Data migration between different data centers to achieve post failure recovery or to move data to a new data center.
Split operational workload and analysis workload.
But the above features also have their own implementation costs, and for Cassandra, this cost is reflected in the data model, which means that we need to group / classify partition keys and entries through clustering, so as to realize nested ordered mapping. Here is a simple example:
In order to get the specific data in a certain range, we must specify the full key, and do not allow any range delimitation except the last column in the list to be executed. This limitation is used to limit multiple scans for different ranges, otherwise it may bring random disk access and slow down the overall performance. This means that the data model must be carefully designed based on read queries to limit the amount of read / scan – but it will also lead to less flexibility in supporting new queries.
So if we need to add some tables to other tables, what should we do? Let’s consider the next scenario: total traffic calculation for all activities for a specific month.

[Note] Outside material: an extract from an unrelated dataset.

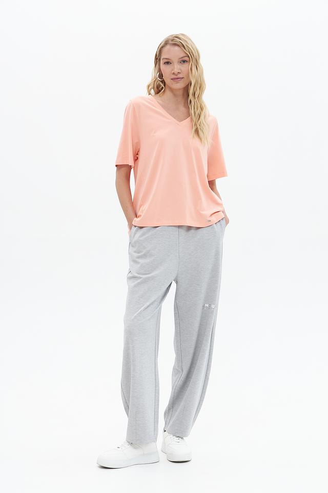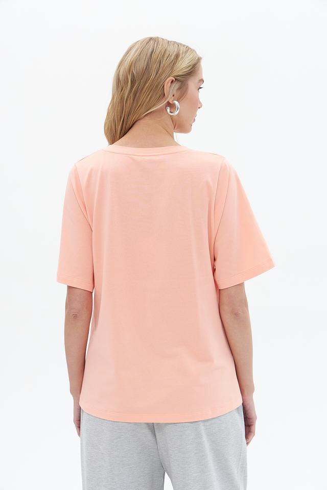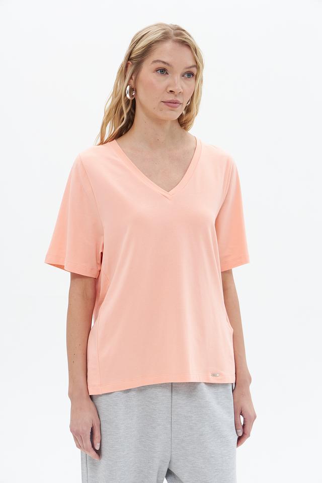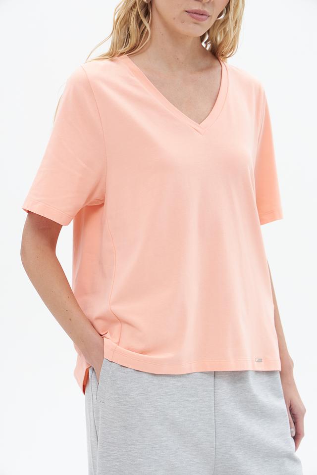 Женская футболка Cinque персикового цвета с V-образным вырезом и короткими рукавами. Изготовлена из мягкого хлопка с добавлением эластана для комфорта и свободы движений. Идеальный выбор для повседневного образа. Состав: хлопок 95%, эластан 5%

Under a specific model, the only way to achieve this goal is to read all activities, read all events, summarize the attribute values (which match the activity ID) and assign them to activities. This kind of application operation is obviously very challenging, because the total amount of data stored in Casandra is often very large, and the memory capacity is not enough to accommodate it. So we have to deal with this kind of data in a distributed way, and spark will play an important role in this kind of use case.
Processing layer: Spark
The abstract core of spark mainly involves RDD (elastic distributed data set, a set of distributed elements) and workflow composed of the following four main stages:
The RDD operation (transformation and operation) is in the form of DAG (directed acyclic graph)
The DAG will be split according to each task phase and then submitted to the cluster manager
Each stage can be combined with tasks without shuffling / reassigning
The task runs on top of the working program, and the results are then returned to the client
Here is how we can use spark and Cassandra to solve the above problems:
The interaction to Cassandra is executed through spark Cassandra connector, which can make the whole process more intuitive and simple. Another interesting option is sparksql, which can translate SQL statements into a series of RDD operations.
With a few lines of code, we have been able to implement the native lambda design – which is obviously more complex, but this example shows that you have the ability to implement the given function in a simple way.
MapReduce like solution: shorten the distance between processing and data
Spark Cassandra connector has the ability to identify the location of data, and will read data from the nearest node in the cluster, so as to minimize the transmission requirements of data in the network. In order to give full play to the data location recognition ability of spark-c * connector, we should let spark working program cooperate with Cassandra node in parallel.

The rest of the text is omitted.